• Data for the task:
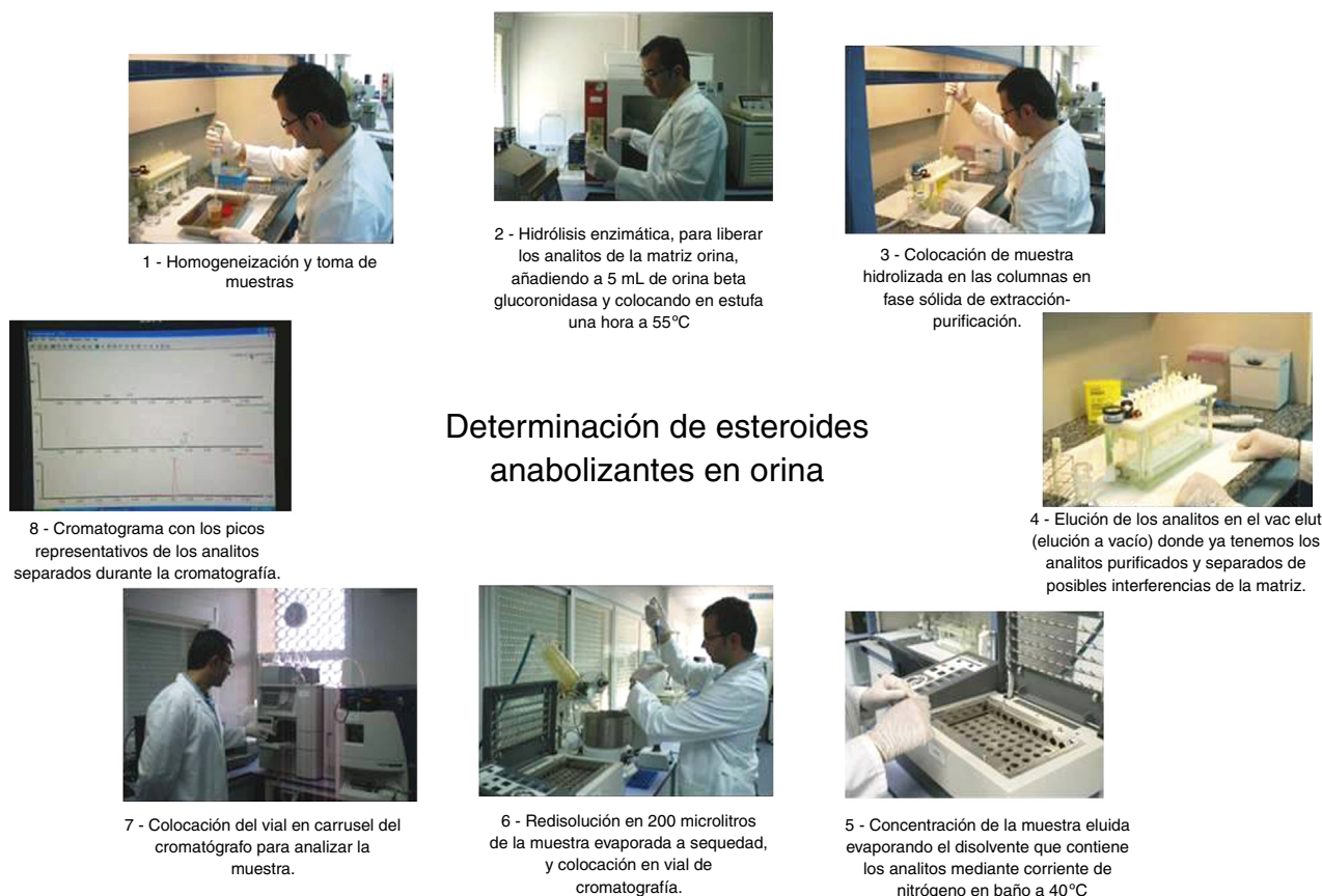
Figura 1 Capturas de pantalla sobre el video del proceso de determinación de esteroides anabolizantes en orina.

aspectos que valoran como muy positivos los participantes son la organización y estructura de la clase, el tiempo invertido en el trabajo fuera y dentro del aula, los videos diseñados por el profesor y su influencia en el desarrollo de
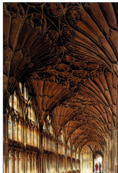
Die Flammengotik. Kathedrale in Gloucester, 14. Jh.

Gegen Ende des 13. Jahrhunderts entwickelte sich ein neuer Stil, die sogenannte Rayonnant- oder Strahlengotik (frz. rayon - Strahl). Die Bezeichnung des Stils leitet sich von der charakteristischen strahlenförmigen Anordnung des Maßwerks ab. Helligkeit, Glanz – der Sonnengeist hatte die Kathedralen berührt. Die Rayonnant- oder Strahlengotik war vom Sonnengeist im Michaelzeitalter 1269–1341 inspiriert! „Das neue Zierelement
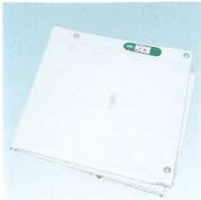
防災シートⅡ類◆ ※ナイロンターポリン製
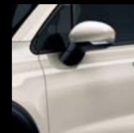
331 ŠEDÁ ARTE
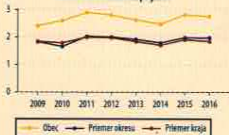
Miera sebačastičnosti príjmov

Schopnosť finančného krytia majetku má vysoký význam pre trvalo udržateľný rozvoj. Celkovo bonitné ukazovatele charakterizujú možnosti a schopnosti zabezpečenia zdrojov pre rozvoj základných a inovačných aktivít.

• The problem:
Drop the images and quote the entries word for word.

• Reply:
Figura 1 Capturas de pantalla sobre el video del proceso de determinación de esteroides anabolizantes en orina.

aspectos que valoran como muy positivos los participantes son la organización y estructura de la clase, el tiempo invertido en el trabajo fuera y dentro del aula, los videos diseñados por el profesor y su influencia en el desarrollo de
Die Flammengotik. Kathedrale in Gloucester, 14. Jh.

Gegen Ende des 13. Jahrhunderts entwickelte sich ein neuer Stil, die sogenannte Rayonnant- oder Strahlengotik (frz. rayon - Strahl). Die Bezeichnung des Stils leitet sich von der charakteristischen strahlenförmigen Anordnung des Maßwerks ab. Helligkeit, Glanz – der Sonnengeist hatte die Kathedralen berührt. Die Rayonnant- oder Strahlengotik war vom Sonnengeist im Michaelzeitalter 1269–1341 inspiriert! „Das neue Zierelement
防災シートⅡ類◆ ※ナイロンターポリン製
331 ŠEDÁ ARTE
Miera sebačastičnosti príjmov

Schopnosť finančného krytia majetku má vysoký význam pre trvalo udržateľný rozvoj. Celkovo bonitné ukazovatele charakterizujú možnosti a schopnosti zabezpečenia zdrojov pre rozvoj základných a inovačných aktivít.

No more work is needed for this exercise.